What is sad, is someone is so wedded to untruth that they find it necessary to hide the substantive portion of a quote they muster.

Comment Re:What precentage caused by man? (Score 1) 369

"...and therefore is not the basis of any of our conclusions. Our primary conclusions are based on a comparison of the longer term paleotemperature changes from our reconstruction with the well-documented temperature changes that have occurred over the last century, as documented by the instrumental record."

Comment Re:What precentage caused by man? (Score 1) 369

[Y]ou don't realize weather is not climate.

Don't be an ass mate. The unprecedented weather events we are witnessing with improbably regularity are likely the outcome to changes in climate.

Using tree rings to reconstruct historical temperature was demonstrably a mistake at the time, because they don't match thermometers. Mann knew that at the time

That does not go to the assertion that he was "really really bad at statistics." Which is not to say I accept that statement (from memory, and I'm not minded to go to the effort and check, the problem was with a particular sub-sample of tree-ring data).

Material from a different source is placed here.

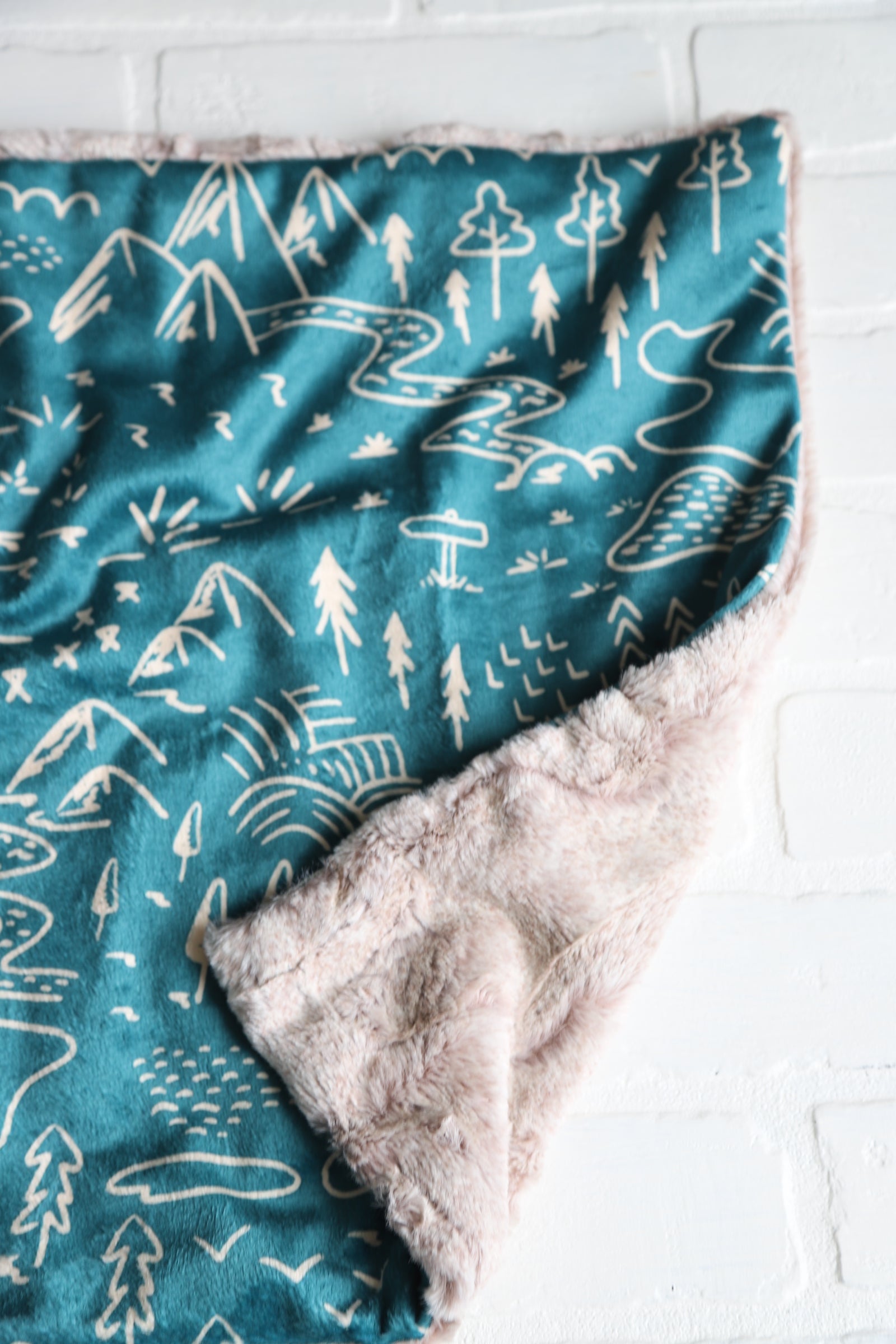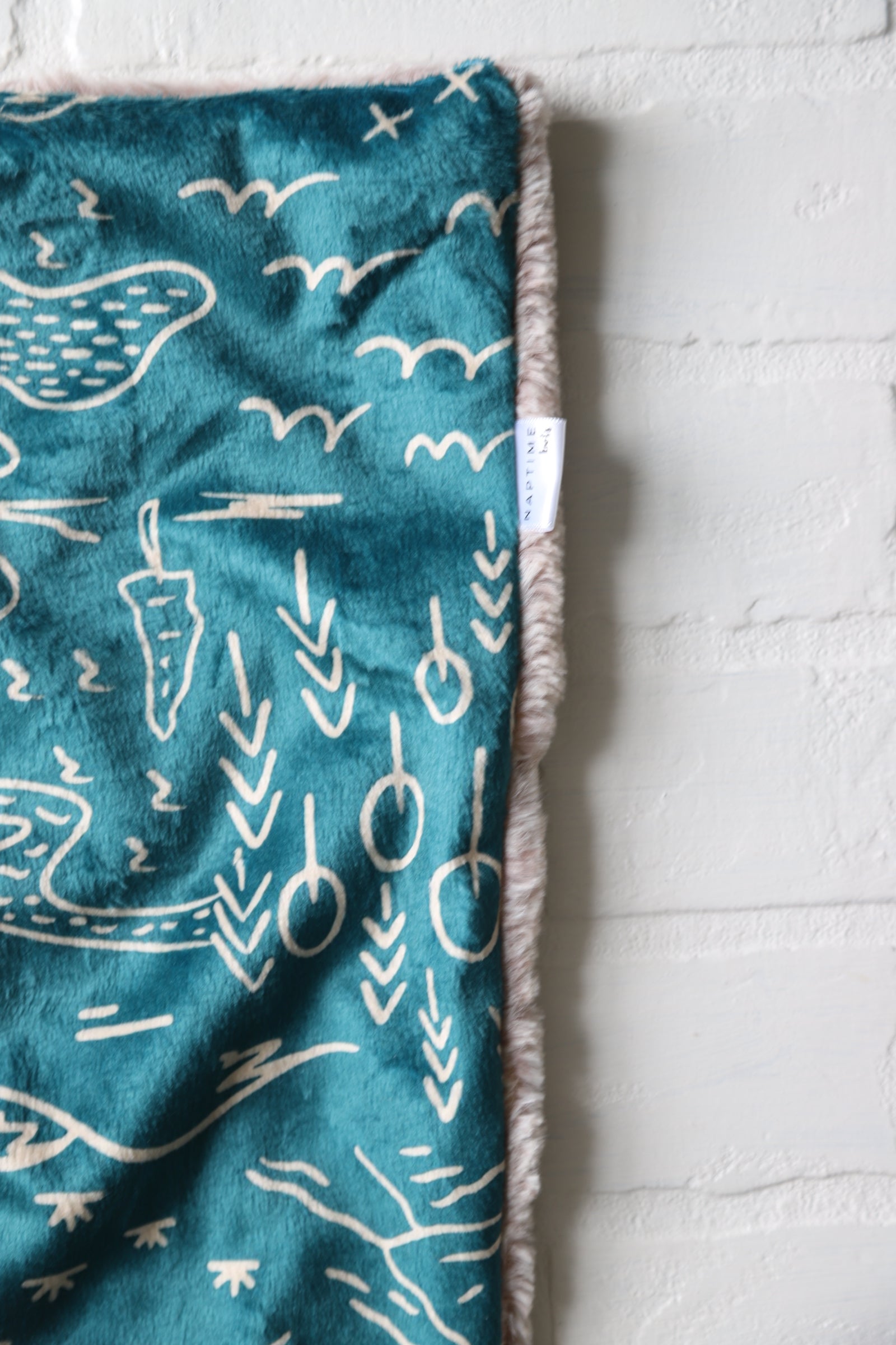 READY TO SHIP lovey featuring a deep teal background with tan map lines and mountains.

Comment Re:What precentage caused by man? (Score 4, Insightful) 369

I've been modded down already

Well it wasn't one of your more accurate contributions was it? Oooops.

Beside the confusion between Penn State and the University of East Anglia, to say Dr Mann is "really really bad at statistics" is perhaps to overstate the actual criticism leveled at his now infamous 1998 paper. In any case subsequent reconstructions, --and the last word, I presume, goes to Marcott et al. 2013 --more or less confirm the original conclusions of Mann et al.. I'm would assume you (and I genuinely respect your intelligence and erudition phantom) are already aware of that.

it's also worth mentioning that this paper is using computer models

And, invaluable though they may be, we would certainly exercise caution when considering the findings of simulations. In any case, we would naturally be sceptical of any only recently published paper. It's the weight of the extant literature of course, including the examination and perhaps replication by the entire profession of newly published work, that forms the best available science.

I realise that the plural of anecdote is not data, and I realise that warming here in Australia is occurring at a faster rate than globally, but this summer just gone has been truly alarming. Driving my family through 46C heat on the NSW South Coast in Feb was the first time I was literally scared of the temperature (not just uncomfortable but frightened that the vehicle and air-con might give out).